“Imagine the person who dug the foundation. If you did this 200,000 to 300,000 houses in the 36 states of the federation including Abuja, you would have put money in the hands of people in such a manner that if you removed oil subsidy, they would not know because they would have money to pay for the fuel. Now, that was not done. You took the money they had. You added money on top. Weekly, I pay one million Naira for power. For four weeks, four million, and I earn nothing.
“If it is my church and my priest preaches that (I don’t talk), I walk out of the church. They know. That is why in the Catholic Church, we have liberation theologists. Those are the people who have been speaking to President Bola Tinubu, saying he is not doing the right thing. And they say it every day in the church. Listen to the bishop of Nsukka On Sundays. He calls all politicians thieves.”
On his student unionism and activism days with NANS
Concerning the role of students in resisting bad governance and terrible policies, through bodies like the National Association of Nigerian Students joining actions of organized Labour, Mr. Amaechi, “Those in their 60s will recall that in 1983, we (students) were on the streets everyday, even though they were shooting. We were taught in the university that there is no revolution without blood. Any revolution without blood is a rebellion.

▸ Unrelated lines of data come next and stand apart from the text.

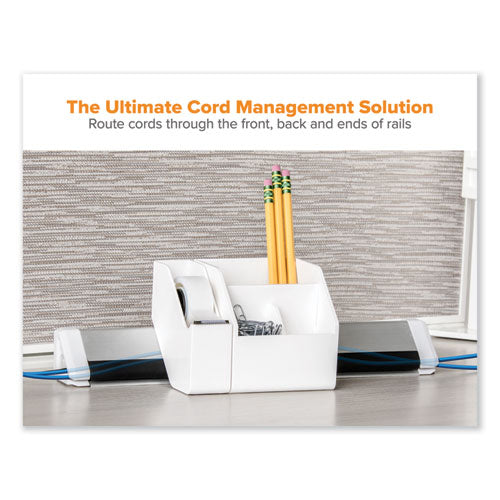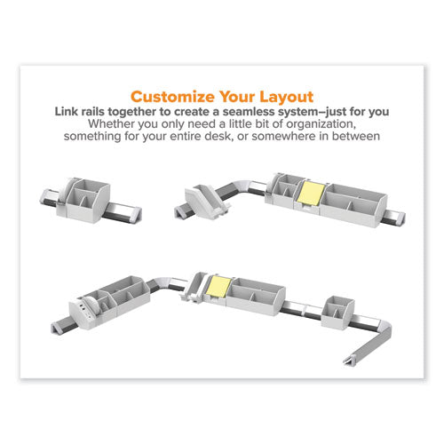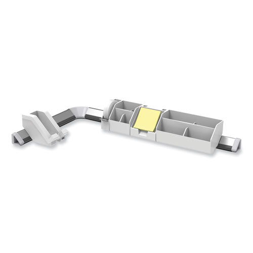 De-clutter your desk in a flash with this Nine-Piece Konnect™ Desk Organizer set. This kit is loaded with everything you'll need for a clean and stunning desk. The short and long cord management rails not only hide unpleasing wires that normally rest under your feet, but also dock all the accessories to one stable spot. Keep the essentials nearby. The short and wide storage bins hold everything from pens and paper clips to your favorite chapstick. The tape dispenser is slim and provides easy cutting. The sticky note holder safely displays important sticky notes and business cards. It even has two integrated holders for pens and pencils! Get a single roll of office tape and a yellow sticky note pad with these items. The USB phone dock allows for easy use and viewing of your phone while charging it with the USB port.Package Includes: (1) 12" Cord Management Rail; (1) 21.5" Cord Management Rail; (1) Corner Connector; (1) Short Storage Bin; (1) Wide Storage Bin; (1) Tape Dispenser; (1) 0.75" Office Tape Roll; (1) Sticky Note Holder; (1) USB Phone Dock; Mounting HardwareNote: This is a non-returnable item.
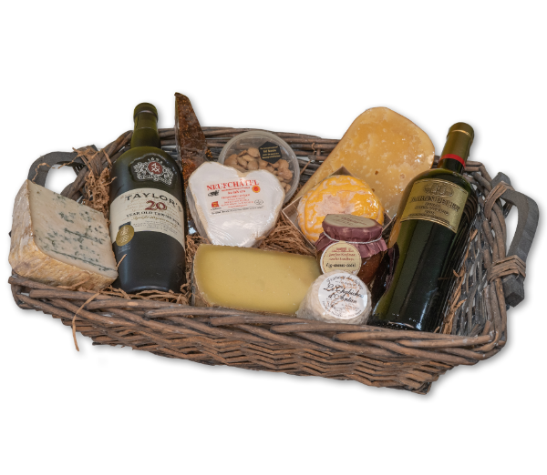 Een echt luxe pakket! Kies welke type wijn,port of bier u wilt geven, dan zoeken wij er bijpassende kazen en delicatessen bij.
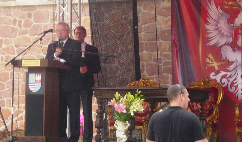 Podzamcze Chęcińskie. Na radosną wieść o Wiedeńskiej Victorii, na przywitanie wojsk króla Jana III Sobieskiego, wybudowano tu barokową bramę w formie łuku triumfalnego. Podczas plenerowej imprezy w której wziął udział poseł Krzysztof Lipiec, promowano Szlak Jana III Sobieskiego, wytyczony przez trzy województwa: świętokrzyskie, podkarpackie i lubelskie. Była to doskonała okazja, aby przywołać na pamięć Chwałę Polskiego Oręża z 1683 roku, kiedy to wojsko polskie dowodzone przez Króla uchroniło Europę przed turecką zagładą. "Dzisiaj Europa i Polska potrzebuje męża stanu na miarę Jana III Sobieskiego. Tak jak Sobieski przed 330. laty ratował chrześcijańską Europę tak i dzisiaj europejskie dziedzictwo jest zagrożone i wymaga szczególnej troski. Polska może tu odegrać znaczącą rolę" - powiedział min. poseł Krzysztof Lipiec do zgromadzonych na zamkowym dziedzińcu gości pleneru. Słowa uznania należą się panu Marcinowi Perzowi dyrektorowi Świętokrzyskiego Centrum Naukowo - Technologicznego w Podzamczu Chęcińskim, który zorganizował ten historyczny plener.GLORIA VICTIS |
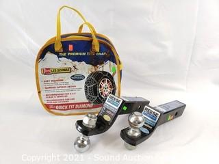 Lot #0121: (2) 2" Receiver Ball Mounts w/Balls & Tire Chains
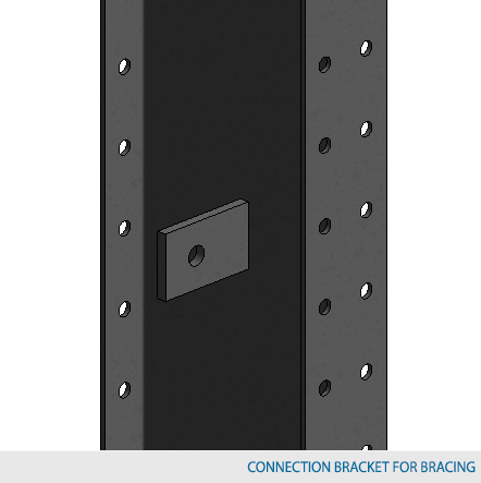 Rack columns are manufactured of structural W-sections and shall have a shop-welded base plate. In order to provide lateral stability along the length of the system, the columns are held together with horizontal braces and cross braces. The braces are bolted to the columns with ASTM A325 structural bolts. The braces are made of structural steel either in the form of a plate or an L-shape. For outdoor applications, the effects of climatic loads that may be exerted directly to the column or transferred from the rack arms, roof arms and any siding, cladding or other enclosure material are carefully factored in to the column design. The column may be assembled in a single- or double-sided configuration. The bracing configuration is very important to the structural integrity of the column assembly. When bracing a 12'H run, the first and last bay must always be secured with a cross brace and a horizontal brace, even if the second-to-last bay is secured with the same. For a 16'H run, the first and last bay must always be secured with a double cross brace configuration. For all inside bays, alternate between a quadruple horizontal brace and a double cross brace.

“I am not telling you to rebel against government before they say I am inciting people. I am telling you about what we did when we were students. And I was between 18, 19 and 20 years old. Let me give an example, the National Association of Nigerian Students, NANS, had ideological leanings. There were capitalists in NANS and the Marxists. I was a member of the Marxist Movement of Nigeria. We had lecturers like Professor Nzimiro, Professor Claude Ake, who would talk to power in the classroom and say it in public. Now, which lecturer is talking? Now you have NANS owning cars, with complimentary cards and police.
“Take the Nigerian Labour Congress, NLC, for instance, is there any NLC now? When we were in university, for Christ’s sake, we (NANS) used to meet with NLC. If the NLC had a problem with the federal government and they wanted to declare a strike, we would hold a meeting. We would meet with the Academic Staff Unions of University, ASUU, we would meet with the Non-Academic Staff Union of Educational and Associated Institutions, NASU, in one room, somewhere in Benin or Lagos or Kaduna or Sokoto. We would all agree and the NLC would declare a strike.
“As soon as the NLC did that, we would send a warning, saying if government didn’t listen, we were coming. And if that day, the NLC gave them had expired, NANS would declare student’s protest. At the time, government knew what we were capable of, so it would respond.”